Thursday, October 23, 2008
Emeritus Professor David Slawson (pictured) of USC's Gould School of Law, provides this link from the Seattle Times, as well as the following summary:
A firm based in New York State sells credit-card machine leases to merchants, using supposedly independent contractors in various states to actually make the sales. The salespersons the contractors employ tell the merchants that the leases will cost them only $20 a month but if they don't prove profitable, the merchants can transfer their leases to someone else and be free of the rental obligation. However, the fine print makes the leases nontransferable and noncancelable without a big cancelation fee and also much more expensive than $20 a month. In total, it costs a merchant $12,000 to $15,000 to get out of the lease or to continue using it for its full term. The fine print also apparently makes New York law control, and if a merchant stops paying, the New York firm brings suit against them in New York, making it very difficult and expensive for them to defend.

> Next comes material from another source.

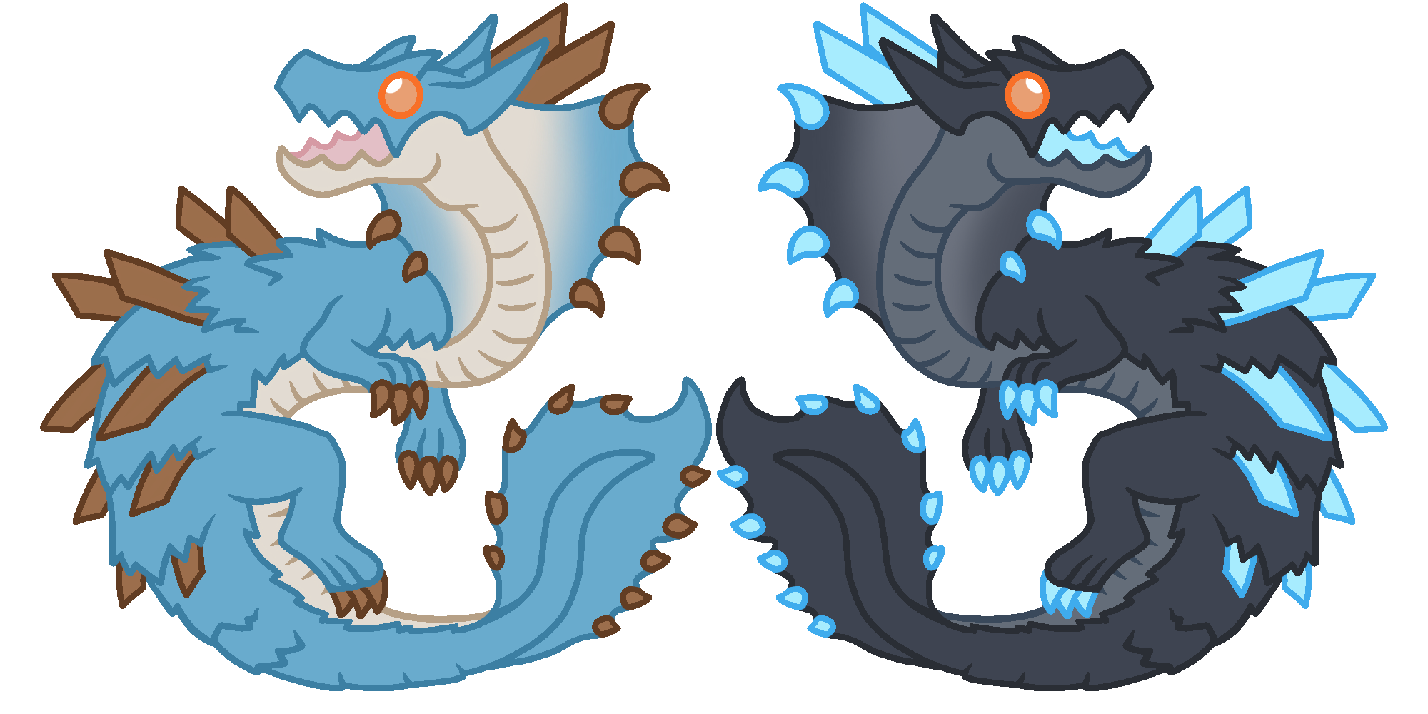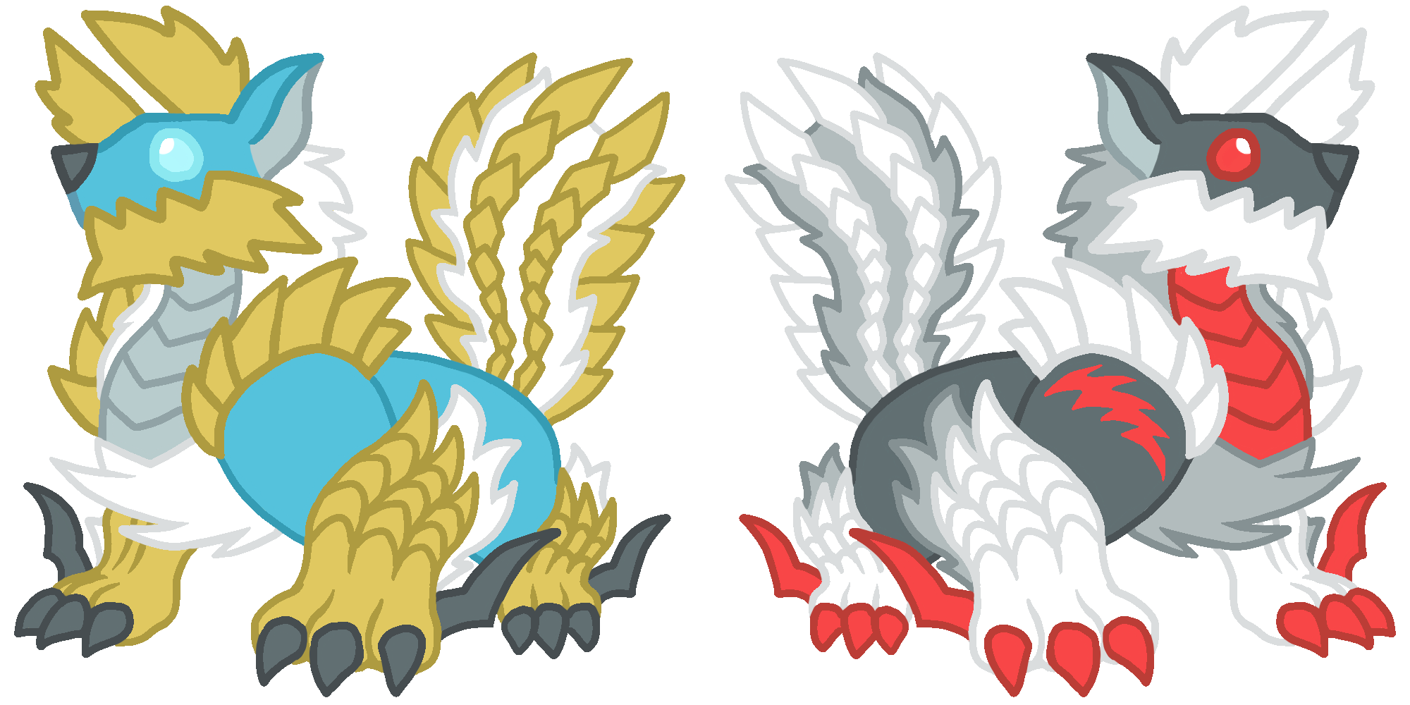 Your favorite Monster Hunter 3rd Generation dragons, Alatreon, Zinogre, Lagiacrus, Deviljho, Brachydios, and Barioth, now available as a cute 2 inch charms! These charms are double sided, double boarded clear acrylic so the art is protected!

The suit itself, if not settled, can ruin a merchant's credit rating.
Professor Slawson appends the following questions for any who might care to offer advice:
1. Aren't the local contractors still the New York firm's agents, despite being independent contractors, because an agent is someone who has the power to make contracts for the principal, *by definition?*
2. Would any of the limits on choice of law for contracts allow a Washington court to apply Washington law despite the contract?
3. Since it would not be enough merely to declare these contracts unenforceable, because the New York firm could continue to ruin a merchant's credit rating anyway, simply by bringing suit (and possibly alleging some
new fact that distinguished the Washington court's decision), what basis might there be for bringing a fraud action against the Washington contractor and/or the New York firm?
Comments will be greatly appreciated.